- Coat of arms
- Interactive map of Gmina Sitno
- Coordinates (Sitno): 50°46′N 23°22′E﻿ / ﻿50.767°N 23.367°E
- Country: Poland
- Voivodeship: Lublin
- County: Zamość County
- Seat: Sitno

Area
- • Total: 112.07 km^{2} (43.27 sq mi)

Population (2013)
- • Total: 6,855
- • Density: 61.17/km^{2} (158.4/sq mi)
- Website: http://www.gmina.sitno.pl/

= Gmina Sitno =

Gmina Sitno is a rural gmina (administrative district) in Zamość County, Lublin Voivodeship, in eastern Poland.

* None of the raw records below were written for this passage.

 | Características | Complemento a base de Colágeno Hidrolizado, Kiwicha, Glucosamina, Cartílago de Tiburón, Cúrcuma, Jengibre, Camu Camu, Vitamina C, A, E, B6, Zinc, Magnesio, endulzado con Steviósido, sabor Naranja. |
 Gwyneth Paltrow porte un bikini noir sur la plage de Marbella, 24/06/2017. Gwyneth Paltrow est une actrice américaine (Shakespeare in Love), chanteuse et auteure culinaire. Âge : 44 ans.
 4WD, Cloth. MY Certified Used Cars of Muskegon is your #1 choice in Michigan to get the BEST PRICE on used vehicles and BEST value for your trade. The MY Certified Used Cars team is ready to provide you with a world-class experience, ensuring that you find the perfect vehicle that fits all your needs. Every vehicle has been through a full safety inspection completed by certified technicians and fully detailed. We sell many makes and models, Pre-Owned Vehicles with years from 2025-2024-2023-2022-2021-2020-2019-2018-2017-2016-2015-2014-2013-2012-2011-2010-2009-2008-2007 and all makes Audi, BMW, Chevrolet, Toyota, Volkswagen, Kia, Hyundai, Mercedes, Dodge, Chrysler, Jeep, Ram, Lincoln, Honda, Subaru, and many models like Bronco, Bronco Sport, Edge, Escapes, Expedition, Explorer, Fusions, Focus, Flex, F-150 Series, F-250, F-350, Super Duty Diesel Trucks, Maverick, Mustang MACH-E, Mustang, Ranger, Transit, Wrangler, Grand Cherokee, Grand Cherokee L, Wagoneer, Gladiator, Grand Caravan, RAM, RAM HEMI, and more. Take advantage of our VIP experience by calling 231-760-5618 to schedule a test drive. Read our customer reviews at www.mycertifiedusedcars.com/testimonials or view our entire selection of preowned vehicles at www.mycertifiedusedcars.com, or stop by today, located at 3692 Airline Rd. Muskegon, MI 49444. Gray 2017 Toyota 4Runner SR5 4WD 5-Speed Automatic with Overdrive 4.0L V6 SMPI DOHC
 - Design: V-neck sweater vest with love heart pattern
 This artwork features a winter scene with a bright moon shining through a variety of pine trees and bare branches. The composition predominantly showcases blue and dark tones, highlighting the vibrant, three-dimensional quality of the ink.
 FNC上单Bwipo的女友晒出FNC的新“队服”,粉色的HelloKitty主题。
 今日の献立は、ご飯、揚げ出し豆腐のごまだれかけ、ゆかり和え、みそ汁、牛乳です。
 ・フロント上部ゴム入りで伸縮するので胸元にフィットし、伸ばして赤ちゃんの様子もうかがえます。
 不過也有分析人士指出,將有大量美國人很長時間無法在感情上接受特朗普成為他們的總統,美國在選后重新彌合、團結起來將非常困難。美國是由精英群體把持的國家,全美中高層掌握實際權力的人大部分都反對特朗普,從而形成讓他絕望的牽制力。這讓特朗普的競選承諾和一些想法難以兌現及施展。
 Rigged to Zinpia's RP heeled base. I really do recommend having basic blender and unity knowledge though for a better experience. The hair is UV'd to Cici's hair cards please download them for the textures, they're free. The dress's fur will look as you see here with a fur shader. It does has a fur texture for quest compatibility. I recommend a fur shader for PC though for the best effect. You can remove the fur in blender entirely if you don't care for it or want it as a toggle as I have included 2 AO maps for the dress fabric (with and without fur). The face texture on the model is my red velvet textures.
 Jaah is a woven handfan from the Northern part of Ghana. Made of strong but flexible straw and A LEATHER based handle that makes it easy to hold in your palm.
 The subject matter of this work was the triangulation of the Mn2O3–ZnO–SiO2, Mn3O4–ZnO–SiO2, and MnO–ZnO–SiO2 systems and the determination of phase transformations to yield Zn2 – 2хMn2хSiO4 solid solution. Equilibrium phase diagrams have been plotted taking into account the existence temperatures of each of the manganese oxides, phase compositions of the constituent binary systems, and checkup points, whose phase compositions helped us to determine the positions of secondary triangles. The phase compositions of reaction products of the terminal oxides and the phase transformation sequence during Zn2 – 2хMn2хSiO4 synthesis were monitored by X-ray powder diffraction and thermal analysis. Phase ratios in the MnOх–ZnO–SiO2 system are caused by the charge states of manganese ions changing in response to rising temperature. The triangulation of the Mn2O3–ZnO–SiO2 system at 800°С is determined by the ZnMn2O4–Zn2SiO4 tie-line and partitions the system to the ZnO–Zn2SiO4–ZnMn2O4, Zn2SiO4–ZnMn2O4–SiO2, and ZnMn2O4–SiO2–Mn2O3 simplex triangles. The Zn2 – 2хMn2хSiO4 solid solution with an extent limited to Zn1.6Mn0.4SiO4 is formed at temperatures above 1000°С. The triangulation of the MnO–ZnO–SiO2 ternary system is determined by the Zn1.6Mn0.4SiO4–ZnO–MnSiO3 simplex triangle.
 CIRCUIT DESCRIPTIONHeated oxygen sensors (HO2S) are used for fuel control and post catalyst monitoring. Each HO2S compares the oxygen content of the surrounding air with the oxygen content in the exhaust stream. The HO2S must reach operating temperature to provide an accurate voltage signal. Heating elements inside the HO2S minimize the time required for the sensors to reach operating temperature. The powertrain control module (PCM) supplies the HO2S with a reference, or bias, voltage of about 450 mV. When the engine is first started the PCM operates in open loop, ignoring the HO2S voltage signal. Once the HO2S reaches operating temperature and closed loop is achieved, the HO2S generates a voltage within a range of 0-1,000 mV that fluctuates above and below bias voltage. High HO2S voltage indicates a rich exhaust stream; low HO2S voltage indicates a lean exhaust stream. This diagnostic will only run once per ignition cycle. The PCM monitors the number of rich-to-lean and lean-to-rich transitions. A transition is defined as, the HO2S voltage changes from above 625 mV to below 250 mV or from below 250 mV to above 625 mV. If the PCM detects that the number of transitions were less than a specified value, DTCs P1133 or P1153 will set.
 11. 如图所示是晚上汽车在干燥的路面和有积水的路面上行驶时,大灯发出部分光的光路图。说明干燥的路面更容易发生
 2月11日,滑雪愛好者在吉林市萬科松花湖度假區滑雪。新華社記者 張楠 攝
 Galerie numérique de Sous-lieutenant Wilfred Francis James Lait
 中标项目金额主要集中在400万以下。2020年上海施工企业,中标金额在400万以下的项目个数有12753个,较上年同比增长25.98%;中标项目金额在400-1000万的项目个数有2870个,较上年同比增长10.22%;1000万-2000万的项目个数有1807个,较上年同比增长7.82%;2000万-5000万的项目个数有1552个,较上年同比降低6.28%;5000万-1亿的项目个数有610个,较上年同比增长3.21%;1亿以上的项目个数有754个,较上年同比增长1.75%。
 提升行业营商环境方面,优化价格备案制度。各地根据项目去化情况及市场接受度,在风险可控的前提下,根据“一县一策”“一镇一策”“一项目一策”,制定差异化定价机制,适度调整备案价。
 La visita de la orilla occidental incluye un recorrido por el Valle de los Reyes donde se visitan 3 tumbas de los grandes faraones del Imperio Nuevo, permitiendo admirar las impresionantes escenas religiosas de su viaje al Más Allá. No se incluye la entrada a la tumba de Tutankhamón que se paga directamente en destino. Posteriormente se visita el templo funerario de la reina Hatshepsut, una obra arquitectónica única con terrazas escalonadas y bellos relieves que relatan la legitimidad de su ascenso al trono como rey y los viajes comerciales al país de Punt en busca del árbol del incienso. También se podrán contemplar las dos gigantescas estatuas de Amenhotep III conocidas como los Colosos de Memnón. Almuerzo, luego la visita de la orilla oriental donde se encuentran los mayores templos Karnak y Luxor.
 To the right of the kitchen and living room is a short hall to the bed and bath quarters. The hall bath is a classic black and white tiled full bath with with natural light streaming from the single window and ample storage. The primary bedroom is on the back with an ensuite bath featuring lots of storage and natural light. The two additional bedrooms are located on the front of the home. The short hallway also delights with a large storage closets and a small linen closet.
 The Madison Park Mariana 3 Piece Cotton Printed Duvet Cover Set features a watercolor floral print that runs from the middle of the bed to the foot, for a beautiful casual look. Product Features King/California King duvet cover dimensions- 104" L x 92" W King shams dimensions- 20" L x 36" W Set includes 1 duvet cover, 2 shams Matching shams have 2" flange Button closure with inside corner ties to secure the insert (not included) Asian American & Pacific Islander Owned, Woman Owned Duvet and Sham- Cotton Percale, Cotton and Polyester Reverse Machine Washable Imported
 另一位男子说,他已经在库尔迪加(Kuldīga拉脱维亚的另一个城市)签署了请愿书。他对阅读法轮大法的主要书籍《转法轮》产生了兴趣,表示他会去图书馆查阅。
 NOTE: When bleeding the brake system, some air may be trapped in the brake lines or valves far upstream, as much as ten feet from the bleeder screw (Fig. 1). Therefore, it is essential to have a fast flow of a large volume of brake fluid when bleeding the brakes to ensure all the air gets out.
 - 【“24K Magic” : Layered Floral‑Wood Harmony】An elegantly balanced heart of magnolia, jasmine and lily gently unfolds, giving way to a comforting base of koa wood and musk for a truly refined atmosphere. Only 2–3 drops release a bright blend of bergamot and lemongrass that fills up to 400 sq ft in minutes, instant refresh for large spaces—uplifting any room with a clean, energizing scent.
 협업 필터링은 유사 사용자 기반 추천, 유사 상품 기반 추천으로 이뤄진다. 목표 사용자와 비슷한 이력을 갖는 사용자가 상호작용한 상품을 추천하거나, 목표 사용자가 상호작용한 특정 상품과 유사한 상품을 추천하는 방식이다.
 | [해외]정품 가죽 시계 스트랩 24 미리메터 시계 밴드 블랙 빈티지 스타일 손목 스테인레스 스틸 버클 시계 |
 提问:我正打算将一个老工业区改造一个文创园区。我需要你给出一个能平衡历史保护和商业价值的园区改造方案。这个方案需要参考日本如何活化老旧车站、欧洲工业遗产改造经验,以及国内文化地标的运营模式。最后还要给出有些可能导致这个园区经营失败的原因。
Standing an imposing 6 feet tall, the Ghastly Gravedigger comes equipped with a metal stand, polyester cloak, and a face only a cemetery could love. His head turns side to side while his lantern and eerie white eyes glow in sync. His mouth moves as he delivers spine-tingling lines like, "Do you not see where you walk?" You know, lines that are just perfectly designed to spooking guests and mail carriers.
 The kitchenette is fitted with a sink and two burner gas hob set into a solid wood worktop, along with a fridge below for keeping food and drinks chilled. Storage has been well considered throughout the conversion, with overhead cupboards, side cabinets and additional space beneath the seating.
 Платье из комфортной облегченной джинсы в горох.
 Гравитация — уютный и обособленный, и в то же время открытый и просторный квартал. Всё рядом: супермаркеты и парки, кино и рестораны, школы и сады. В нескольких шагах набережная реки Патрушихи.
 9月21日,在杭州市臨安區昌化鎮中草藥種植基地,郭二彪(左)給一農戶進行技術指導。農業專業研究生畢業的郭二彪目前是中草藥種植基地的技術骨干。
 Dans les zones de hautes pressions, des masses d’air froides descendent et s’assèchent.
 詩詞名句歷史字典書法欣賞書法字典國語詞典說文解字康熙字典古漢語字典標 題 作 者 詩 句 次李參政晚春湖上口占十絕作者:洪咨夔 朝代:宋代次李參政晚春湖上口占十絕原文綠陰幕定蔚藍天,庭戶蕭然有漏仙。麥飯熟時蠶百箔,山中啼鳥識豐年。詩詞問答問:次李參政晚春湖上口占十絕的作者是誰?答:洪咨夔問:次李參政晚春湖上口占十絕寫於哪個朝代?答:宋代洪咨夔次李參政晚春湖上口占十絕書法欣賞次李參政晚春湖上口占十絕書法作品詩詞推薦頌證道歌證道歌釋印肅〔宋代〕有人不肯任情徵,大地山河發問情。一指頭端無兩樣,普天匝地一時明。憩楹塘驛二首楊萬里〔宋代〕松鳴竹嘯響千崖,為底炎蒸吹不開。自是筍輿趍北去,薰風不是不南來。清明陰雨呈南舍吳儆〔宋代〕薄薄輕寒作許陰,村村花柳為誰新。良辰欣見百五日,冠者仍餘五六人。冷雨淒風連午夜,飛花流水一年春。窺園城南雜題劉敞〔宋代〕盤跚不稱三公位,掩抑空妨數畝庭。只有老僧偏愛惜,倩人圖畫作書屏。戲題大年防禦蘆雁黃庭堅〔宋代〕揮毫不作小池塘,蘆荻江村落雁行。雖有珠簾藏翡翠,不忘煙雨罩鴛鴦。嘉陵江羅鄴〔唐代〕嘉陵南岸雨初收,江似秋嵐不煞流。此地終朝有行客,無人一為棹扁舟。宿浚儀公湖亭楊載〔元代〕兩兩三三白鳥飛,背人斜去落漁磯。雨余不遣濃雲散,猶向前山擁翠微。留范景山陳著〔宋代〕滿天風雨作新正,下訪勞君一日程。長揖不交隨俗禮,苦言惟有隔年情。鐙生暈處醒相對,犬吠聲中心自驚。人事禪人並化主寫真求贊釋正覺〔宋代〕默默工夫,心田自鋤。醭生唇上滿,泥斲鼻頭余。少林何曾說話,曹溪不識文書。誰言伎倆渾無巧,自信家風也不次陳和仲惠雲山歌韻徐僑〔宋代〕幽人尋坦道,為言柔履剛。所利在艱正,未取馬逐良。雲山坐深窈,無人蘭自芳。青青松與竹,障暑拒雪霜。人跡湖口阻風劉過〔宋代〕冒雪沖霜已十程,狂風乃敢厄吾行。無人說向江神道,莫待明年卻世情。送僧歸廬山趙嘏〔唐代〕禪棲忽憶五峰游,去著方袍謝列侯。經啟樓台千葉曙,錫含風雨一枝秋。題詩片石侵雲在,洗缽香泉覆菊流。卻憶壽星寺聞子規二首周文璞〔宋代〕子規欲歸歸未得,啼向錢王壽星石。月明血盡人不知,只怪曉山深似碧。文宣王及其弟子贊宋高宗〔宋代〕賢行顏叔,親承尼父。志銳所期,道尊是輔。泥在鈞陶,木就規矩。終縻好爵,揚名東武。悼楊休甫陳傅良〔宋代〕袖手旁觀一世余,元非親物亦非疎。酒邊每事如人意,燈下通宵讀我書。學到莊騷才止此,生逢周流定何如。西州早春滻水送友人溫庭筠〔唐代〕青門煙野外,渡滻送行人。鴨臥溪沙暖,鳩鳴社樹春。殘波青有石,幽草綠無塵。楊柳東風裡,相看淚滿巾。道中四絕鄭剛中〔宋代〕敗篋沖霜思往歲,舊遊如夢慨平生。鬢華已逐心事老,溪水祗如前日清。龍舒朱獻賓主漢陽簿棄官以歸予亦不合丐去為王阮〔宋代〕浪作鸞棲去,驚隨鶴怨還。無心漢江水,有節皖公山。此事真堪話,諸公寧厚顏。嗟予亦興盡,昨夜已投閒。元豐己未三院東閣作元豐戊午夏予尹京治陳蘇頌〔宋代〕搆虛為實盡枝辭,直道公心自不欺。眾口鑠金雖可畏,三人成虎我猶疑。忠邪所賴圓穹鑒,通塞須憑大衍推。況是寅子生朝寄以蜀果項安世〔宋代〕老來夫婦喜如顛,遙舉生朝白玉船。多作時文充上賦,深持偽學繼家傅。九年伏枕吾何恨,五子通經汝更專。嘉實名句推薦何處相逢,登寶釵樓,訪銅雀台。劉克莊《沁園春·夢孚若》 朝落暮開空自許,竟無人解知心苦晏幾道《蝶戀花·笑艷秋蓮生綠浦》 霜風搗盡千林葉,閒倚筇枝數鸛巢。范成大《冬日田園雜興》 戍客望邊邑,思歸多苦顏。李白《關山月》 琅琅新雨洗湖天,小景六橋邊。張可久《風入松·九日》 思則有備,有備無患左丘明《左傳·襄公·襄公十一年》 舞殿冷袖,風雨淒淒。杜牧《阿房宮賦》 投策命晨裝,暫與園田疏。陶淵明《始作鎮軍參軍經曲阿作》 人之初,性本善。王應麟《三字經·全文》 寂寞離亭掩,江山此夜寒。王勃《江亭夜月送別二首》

Its seat is the village of Sitno, which lies approximately 10 km north-east of Zamość and 78 km south-east of the regional capital Lublin.

The gmina covers an area of 112.07 km2, and as of 2006 its total population is 6,774 (6,855 in 2013).

The gmina contains part of the protected area called Skierbieszów Landscape Park.

==Villages==
Gmina Sitno contains the villages and settlements of Boży Dar, Cześniki, Cześniki-Kolonia, Cześniki-Kolonia Górna, Czołki, Horyszów Polski, Horyszów-Nowa Kolonia, Horyszów-Stara Kolonia, Janówka, Jarosławiec, Jarosławiec Górny, Karp, Kolonia Kornelówka, Kolonia Sitno, Kornelówka, Rozdoły, Sitno, Stabrów, Stanisławka and Wólka Horyszowska.

==Neighbouring gminas==
Gmina Sitno is bordered by the city of Zamość and by the gminas of Grabowiec, Komarów-Osada, Łabunie, Miączyn, Skierbieszów and Zamość.